Life is good for Kyrie Irving. The 24-year-old Cavaliers point guard is an NBA champion, owns a gold medal, and has solidified himself as one of the top point guards in the league as Cleveland continues its run at a third straight NBA Finals appearance. 

But that doesn't mean Irving doesn't continue to have his share of haters. ESPN recently ran a piece asking if Irving is an elite or overrated point guard, concluding that Irving could be considered overrated based on its analytics-heavy analysis that shook up NBA discussions and had fans arguing on social media.

Irving tends to ignore criticism like that, but before Monday night's Martin Luther King Day showdown with the Warriors—the second and final meeting of the regular season between the two of the best teams in the league—Complex had a chance to ask Irving how he deals with his haters and about the next chapter of Cleveland-Golden State rivalry.

(This interview has been edited and condensed for clarity.)

ESPN has been openly critical of you lately with a few pieces. How do you deal with that? Do you completely block it out?
Truth be told, none of that stuff is real for me, man. I get it, it's a writer's job to write on particular sports and write on particular players but it's been happening for so long. It's just part of the game. You have to love every part of this game no matter what.

People saying what they want about you or who you are as a player, supporters to haters, people who like you, don't like you. That right there is not where my truth lies. I go out there, I want to compete at the highest level, playing amongst the best and being with the best is really what I was made to do and prepared myself to do. If I feel like I'm doing that to the best of my ability then why would anyone else's opinion of me matter. Ever.

"None of those words hold power or truth over me. It took me a while to understand that, but now that I do it's made my life and my game a lot easier to be myself." 

So as a maturing young player I try and tell young players now that you leave it out on the floor and you love everything about this game. You're waking up every morning at 7 a.m. to work out. Doing stuff that you don't necessarily have to do but want to do to be great. That's what really matters, is your journey. Everyone is going to try impede their process and impede their opinions to try and stop you. It's not real. None of those words hold power or truth over me. It took me a while to understand that, but now that I do it's made my life and my game a lot easier to be myself. 

When did you learn that lesson?
When I started realizing that what I love to do is just a game. I have to live a life outside of this game just like everyone else. Figuring life out. Figuring out who I am. The truth in myself. I'm on a constant quest to leave multiple legacies in this world, not just in the game of basketball. For me to give energy to try and pay attention and deal with everything else that's outside of my truth then my vision is skewed.

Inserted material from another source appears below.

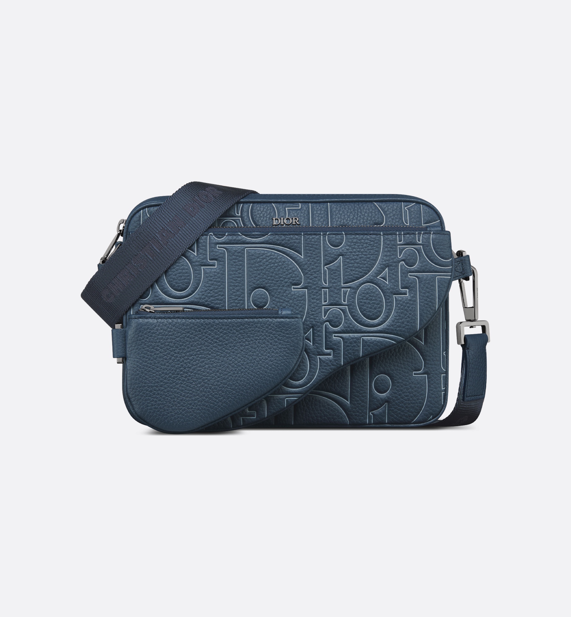 The Saddle Triple Pouch is a bold and versatile creation. The style is constructed in navy Blue Dior Gravity Outline leather, a grained calfskin embossed with the iconic House motif for a 3D effect with graphic appeal. Accented by the Dior signature on the front, the three-in-one style features a main zip compartment accompanied by front Saddle and nano Saddle pouches, both removable. An adjustable and removable strap allows the practical design to be worn over the shoulder or crossbody. - Main composition: calfskin and technical fabric - Technical fabric, cotton and calfskin lining - Main zip compartment - Removable zip Saddle pouch on the front - Adjustable and removable Christian Dior nylon jacquard shoulder strap with removable Saddle zip nano pouch and lobster clasps - Ruthenium-finish brass Dior signature on the front - Embossed Dior signature on the interior - Dust bag included - Made in Italy Size & Fit - Dimensions: 23 x 16.5 x 4 cm / 9 x 6.5 x 1.5 inches (Length x Height x Width) - The size is suitable for all phone models - Strap length: 90 – 130 cm / 35.5 – 51 inches - Drop length: 39.5 – 61 cm / 15.5 – 24 inches - Weight: 600 g / 21 ounces - Size and weight details may vary depending on the product's material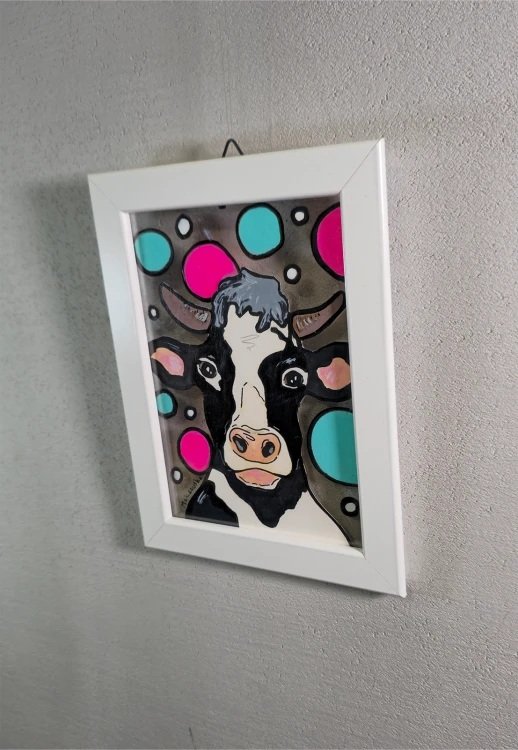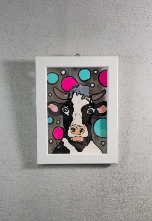 Technika: obraz częściowo transparentny, tło zależy od tego gdzie go powiesisz. Krowa - akryl na papierze.

Once that took hold of me then nothing else really mattered. Supporters, haters, I love the game no matter what. I enjoy playing it an an incredibly high level, just every single day taking full advantage of it. 

You're going back into Oracle Arena for the first time since winning the title. What kind of emotions do you expect to come out? 
Nothing short of competitive, man. At the end of the day it's a game. Two great teams are playing, lot of great players. Everyone can't wait to see it. It's an exciting environment, exciting atmosphere, it's just time to showcase the talent. It's nothing more, nothing less than a competitive game. 

Do you think being back in that locker room will bring back the title memories?
Nah, man. We're living in a new moment, it's a new season. Obviously what happened last year was an incredible feat and we can never take that for granted, but understanding that the goal on hand is ultimately go for another championship. We're still in the regular season so this is just another chance for us to get better. 

How much do you pay attention to the scope of the Cavs and Warriors rivalry? 
I think we all pay attention to it. We wouldn't be honest with ourselves if we said we didn't pay attention to it. Of everyone trying to make this a big thing. You have a lot of great teams playing basketball in the league but the last two championships were played by the Warriors and us. We just try and take full advantage of the opportunity to play against a great team, especially the Warriors. We're playing on a historic day at that, and it's a bigger cause, too. 

How do you feel about the potential historic significance of the Cavs-Warriors rivalry? Could it get to a Lakers-Celtics level at some point? 
If I'm able to be part of history like that, great, but I think it's still early to be comparable to a Boston and Lakers series. It's a great basketball and competitive thing. It's a great thing for basketball and the world.